Paul Pogba. / CARL RECINE / REUTERS

Chronique. « On n’est pas prêt pour Paul Pogba en France. » L’opinion d’Olivier Dacourt, ancien footballeur et consultant du Canal Football Club, tombe après la diffusion du troisième épisode de la série d’entretiens intitulée Pogba Mondial. Le joueur de Manchester United, filmé par Canal Plus au premier étage de la tour Eiffel, y apparaît dans un costume intégralement bordeaux, chaussures bicolores assorties, et avec son exubérance habituelle.

La remarque d’Olivier Dacourt a quelque chose d’un mot d’excuse auprès des téléspectateurs, comme si personne ne doutait que cette séquence de huit minutes allait inévitablement raviver les exaspérations. La mise en scène de la « Pogsérie » ne fait pas dans la dentelle, et sur les réseaux sociaux, on a inévitablement invoqué la « gêne ».

Dans son premier épisode, diffusé à la fin de février, le joueur faisait visiter sa « PogHouse », équipée d’un aquarium géant, d’un PogCinéma, d’un PogCorner avec distributeur de sucreries, d’une PP Arena pour taper le ballon entre quatre murs ou encore d’une salle de billard. « C’est mon kif », lançait Pogba, peu enclin à mettre des filtres entre son mode de vie et le public : il se disait là pour « parler de tout ce [qu’il] aime », « en mode naturel », « en mode Floyd Mayweather [boxeur américain connu pour ses provocations], un peu show off ».

Dans son propre rôle

La contradiction entre ce « naturel » et un si grand degré de mise en scène de soi-même n’en est pas vraiment une, si l’on comprend où sont ses références. Plutôt outre-Atlantique, du côté des basketteurs et des rappeurs américains — héros récurrents de l’émission « MTV Scribs », créée au début des années 2000, qu’évoque irrésistiblement la visite guidée du Pogdomicile. Le trashtalking (provocations verbales) fait également partie des mœurs des sports américains, qui accordent une prime aux ego les plus extravagants.
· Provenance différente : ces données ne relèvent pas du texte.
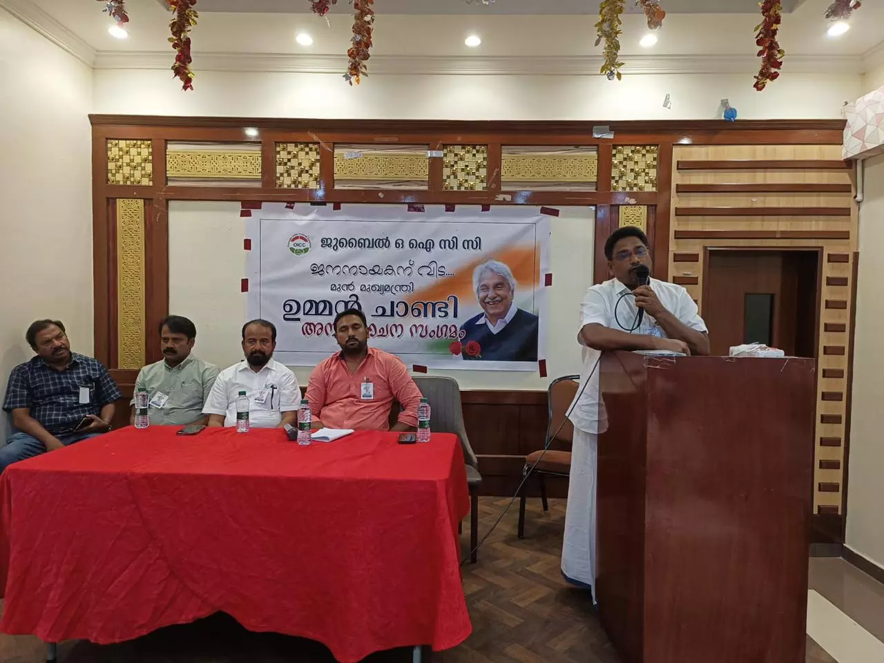 ജുബൈൽ ഒഐസിസി അഡ്ഹോക്ക് കമ്മറ്റി കൺവീനർ നജീബ് നസിർ അധ്യക്ഷത വഹിച്ചു. ഗ്ലോബൽ കമ്മറ്റി സെക്രട്ടറി അഷ്റഫ് മുവാറ്റുപുഴ ഉദ്ഘാടനം നിർവഹിച്ചു. ഉമ്മൻ ചാണ്ടിയുടെ മഹത്വം പൂർണ്ണമായും പാർട്ടിയും, കേരളവും തിരിച്ചറിഞ്ഞത് അദ്ദേഹത്തിന്റെ മരണ ശേഷമാണന്നും, അതിന്റെ തെളിവാണു വിലാപ യാത്രയും അന്തിമോപചാരമർപ്പിക്കാൻ തടിച്ച് കൂടിയ ജനവും തെളിയിക്കുന്നതന്നു ഉദ്ഘാടന പ്രസംഗത്തിൽ അഷ്റഫ് മുവാറ്റുപുഴ പറഞ്ഞു. യൂത്ത് വിങ് പ്രസിഡന്റ് ഉസ്മാൻ കുന്നകുളം സ്വാഗതം അർപ്പിച്ചു.

Pogba ne veut pas transiger sur l’image qu’il veut donner de lui. Il la contrôle en refusant quasiment toutes les sollicitations de journalistes (ce qui contribue à un ressentiment diffus) pour communiquer au travers des réseaux sociaux et de ses sponsors, ou dans un cadre très balisé. Mais, à contrepied de l’expression lisse de nombreux footballeurs, il veut jouer son propre rôle. Tant pis s’il peine à distinguer sa personnalité de son personnage : « On me demande d’être un peu plus sérieux. J’y arrive pas. Je suis trop moi, je suis toujours moi… La Pioche, quoi. »

Cette confusion traduit aussi le fait que Pogba est une marque et un excellent produit sur le marché des footballeurs, même si ce n’est pas dans la catégorie des héros fédérateurs. Car il prend le risque de ne pas plaire à tout le monde, de payer sa spontanéité par des maladresses et des réactions de désapprobation. Dans ce troisième épisode, les questions l’amènent sur ce terrain, et Pogba assume tout : ses ambitions, ses vêtements, sa coiffure, ses blagues de gamin, sa joie d’être un footballeur…

Sans complexe

Cette revendication de personnalité se heurte frontalement à l’exemplarité désormais exigée des internationaux — sommés de ne plus susciter de scandales, mais aussi de chanter La Marseillaise et de se montrer bons garçons. Pogba, comme d’autres, n’entre pas dans le moule implicitement défini. Il veut afficher sans complexe des codes que l’on assimile à ceux de la jeunesse des « quartiers », et que l’on voudrait disqualifier. Lui refuse de faire profil bas.

Ce joueur singulier nous pose une question : accepte-t-on que les internationaux expriment leur identité et qu’elle puisse irriter, est-on prêt à ne plus exiger d’eux une conformité à des normes qui, pour être dominantes, ne sont pas pour autant celles de tous ? D’autant qu’au-delà des fanfaronnades, il dit considérer le Ballon d’or comme un rêve plus que comme un objectif, admet ne pas avoir confirmé toutes les attentes, affirme un attachement à l’équipe de France dont on n’a pas de raisons de douter.

A vingt-cinq ans, sous le maillot des Red Devils comme sous celui des Bleus, Paul Pogba a alterné les coups d’éclat et les grands matchs avec des prestations encore loin de son statut présumé. Il porte à sa façon le poids de son immense talent, de son exposition médiatique, d’un transfert qui fut un record il y a deux saisons, des responsabilités qui en sont le lot, des détestations qui en sont la résultante. Quand il dit que les haters lui « donnent de la force », on doit se rappeler que les grands ego carburent souvent à la provocation, à l’irrévérence et au goût de l’adversité. Lui sait bien que c’est sur le terrain qu’on finira par le juger.